Assignments
These two assignments open ended applications of the work that we have done in the rest of the course presented as a web-written document.
These two assignments open ended applications of the work that we have done in the rest of the course presented as a web-written document.
The data Uber collects about Pi
Pi Ko
May 6, 2022 - 1700 words . 5.7 min read
💻 Note : Please view the article on computer for best experience.
Figure : Uber Technologies, Inc., an American mobility as a service provider [ Source ]
Platform economy is the trend in commerce to move toward digital platform business models. Platforms are computer systems which allows the consumers, entrepreneurs and businesses to meet, buy and sell goods and services virtually. Nowadays, many firms has moved towards the platform economy business model, including Uber, a platform which I am intending to analyze my personal data for this essay.
Uber is a digital platform, where the drivers and delivery workers can connect with riders, businesses and eaters. According to my professor, Uber is not a transportation platform, but a data company. It's main asset is not having the ability to transport the passengers, but having access to the immense data of passengers, rides and the drivers so that it can connect all the stakeholders to do the tangible business transactions.
For this assignment, my task is to identify a platform or app which collects data about me. I am requesting my personal data from Uber and analyzing it because I use it frequently for practical purposes (travelling around the city), would be easy to analyse the geospatial trends if any is found.
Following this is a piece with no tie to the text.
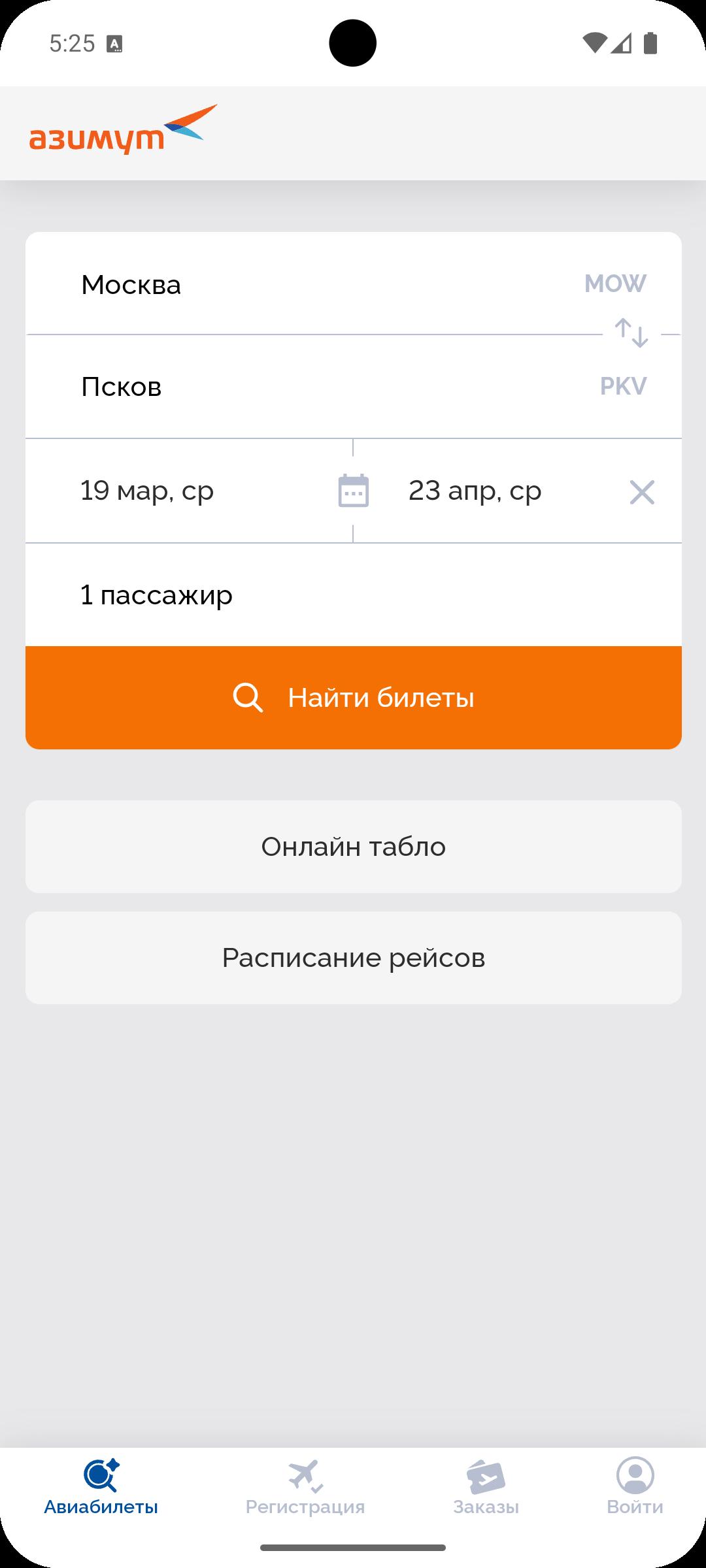 Первая версия нового мобильного приложения авиакомпании Азимут

I would consider myself as a light user of the platform since I only hired taxi using Uber for 25 times over a 5 months period. I am requesting my personal data after my 25th ride.
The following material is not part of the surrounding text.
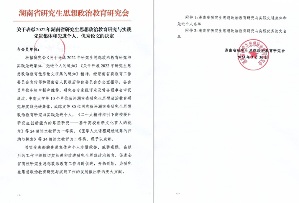 近日,在湖南省研究生思想政治教育研究会组织开展的2022年先进集体、先进个人和优秀论文的评选中,beat365官方网站辅导员袁梦甜老师获评“2022年湖南省研究生思想政治教育研究与实践先进个人”。

The process to request our personal data from Uber is very easy and straightforward, without any obstacles. Therefore, I chose Uber initially and did not change my choice of platform afterwards. I only needed to wait for 12 hours after I requested the download, until the file becomes available for download. To download, we simply go to the Uber website as shown below, and click the download tab. Once we have clicked, Uber will send us an automated email stating that we have requested the data.
Figure : Requesting User Data from Uber
Once the data is ready after 12 hours, my personal data from Uber can be downloaded in a Zip file from the website's download page. However, since this is personal data, the data is to be deleted after 7 days, and Uber recommends us to download the file on our personal computers only.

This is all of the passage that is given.